Também Descartes e Hume admitem estas proveniências do conhecimento, mas
conferem-lhes uma primazia diferente na origem do conhecimento. É este desacordo
que permite qualificar o primeiro como um racionalista (razão) e o segundo como um
empirista (empírica = experiência). Segundo Descartes, todo o conhecimento verdadeiro
e infalivelmente justificado encontra o seu fundamento no pensamento ou na razão. É na
intuição racional do cogito que Descartes encontra a primeira certeza e o fundamento a
partir da qual pode deduzir, de uma forma totalmente a priori, todo o conhecimento.
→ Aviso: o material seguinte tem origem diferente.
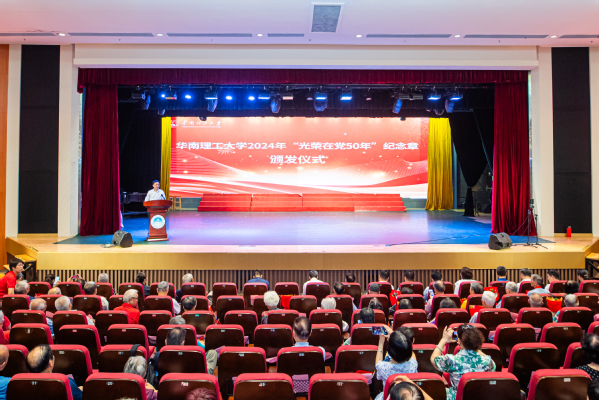 6月25日,华南理工大学举办2024年“光荣在党50年”纪念章颁发仪式暨“七一”慰问音乐会,学校党委副书记麦均洪、副校长徐向民、老领导吕廷秀出席活动,“光荣在党50年”纪念章获得者代表、离退休教工党员代表以及五山校区各学院2024年新入党的学生党员等500余人参加活动。

Hume, pelo contrário, encontra na experiência a única fonte do conhecimento. Só a
experiência nos permite saber se as questões de facto são verdadeiras ou falsas. Por si
só, o nosso pensamento consegue apenas estabelecer relações de ideias, mas estas nada
nos dizem acerca do mundo exterior. A experiência é o fundamento do conhecimento e
é a posteriori.

b) Os limites ou possibilidade do conhecimento: Será que sabemos realmente aquilo


que julgamos saber? Será que a nossa pretensão ao conhecimento é possível? Qual é o
valor das representações que temos das coisas? Estas questões levantam, já o sabemos,
o problema da possibilidade ou do valor do conhecimento. Para Descartes, as nossas
pretensões ao conhecimento, sem reflexão, não são válidas. Porém, o conhecimento
verdadeiro é possível. Se partirmos da dúvida metódica e seguirmos o método,
acabamos por descobrir o cogito. Depois, poderemos provar racionalmente que Deus
existe. E Deus, que é bom, garante que o nosso bom senso, quando devidamente
utilizado, pode construir conhecimento. Para Hume, as nossas pretensões ao
conhecimento são infundadas. Apenas conhecemos as nossas próprias perceções.
Porém, quando vamos além da experiência e da memória, das impressões e das ideias,
passamos a apoiar-nos em suposições que não podemos justificar. Nomeadamente na
crença de que a natureza é uniforme, na crença de que os fenómenos se seguem numa
relação de causa e efeito e na crença da realidade do mundo exterior. Como o nosso
conhecimento se apoiam nestas crenças e elas não estão justificadas, podemos inferir
que não podemos constituir conhecimento, porque também ele não está justificado.